■ DESCRIPTION OF THE TASK: From the line that contains "An FEA was performed" through the line that contains "ALEXANDER MCQUEEN BLUE FINE KNIT JUMPER", output every line of the listing below exactly and leave out all the rest.

■ EXTRACTED ENTRIES:

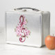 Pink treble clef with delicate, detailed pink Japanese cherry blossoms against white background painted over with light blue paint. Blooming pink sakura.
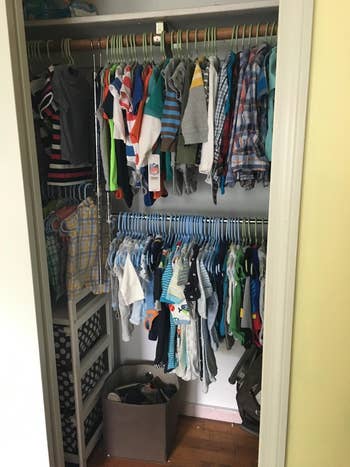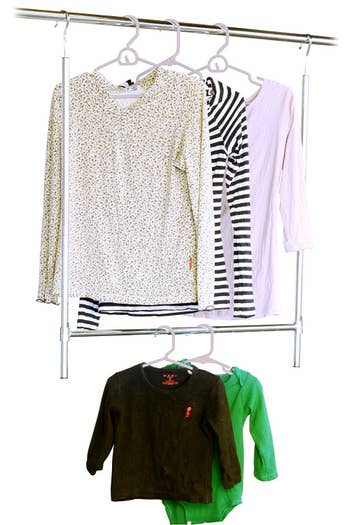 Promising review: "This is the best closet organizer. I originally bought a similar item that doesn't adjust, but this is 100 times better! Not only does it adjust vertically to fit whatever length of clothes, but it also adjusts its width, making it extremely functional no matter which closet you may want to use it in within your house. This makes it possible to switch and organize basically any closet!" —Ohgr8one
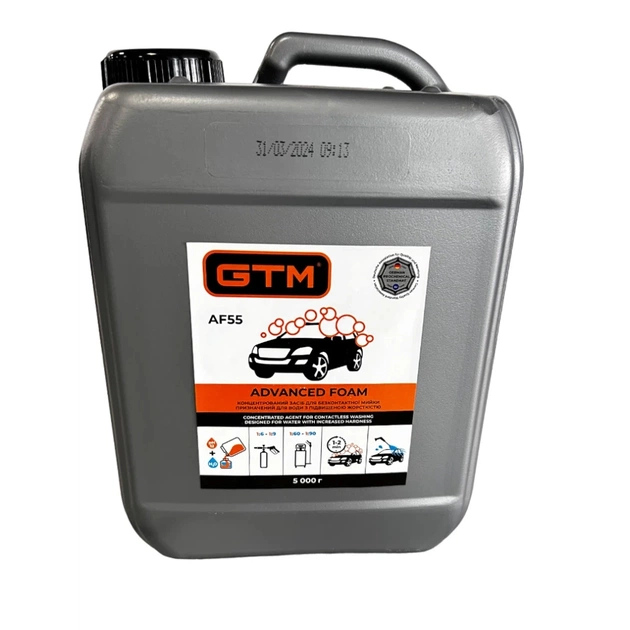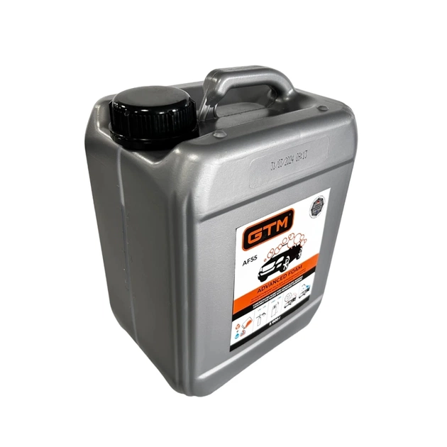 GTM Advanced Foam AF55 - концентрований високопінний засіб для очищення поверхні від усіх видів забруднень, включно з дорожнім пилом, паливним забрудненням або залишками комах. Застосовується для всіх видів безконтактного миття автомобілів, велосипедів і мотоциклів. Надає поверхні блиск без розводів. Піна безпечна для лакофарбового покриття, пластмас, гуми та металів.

---

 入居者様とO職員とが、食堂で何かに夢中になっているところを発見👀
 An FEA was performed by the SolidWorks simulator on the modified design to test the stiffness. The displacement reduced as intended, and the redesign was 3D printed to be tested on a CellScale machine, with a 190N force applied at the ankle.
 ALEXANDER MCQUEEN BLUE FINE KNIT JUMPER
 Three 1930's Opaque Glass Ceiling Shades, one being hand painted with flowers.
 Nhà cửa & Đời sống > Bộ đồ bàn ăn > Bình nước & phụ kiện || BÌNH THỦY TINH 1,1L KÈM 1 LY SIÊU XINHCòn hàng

■ OUTPUT FOR THIS TASK:
 An FEA was performed by the SolidWorks simulator on the modified design to test the stiffness. The displacement reduced as intended, and the redesign was 3D printed to be tested on a CellScale machine, with a 190N force applied at the ankle.
 ALEXANDER MCQUEEN BLUE FINE KNIT JUMPER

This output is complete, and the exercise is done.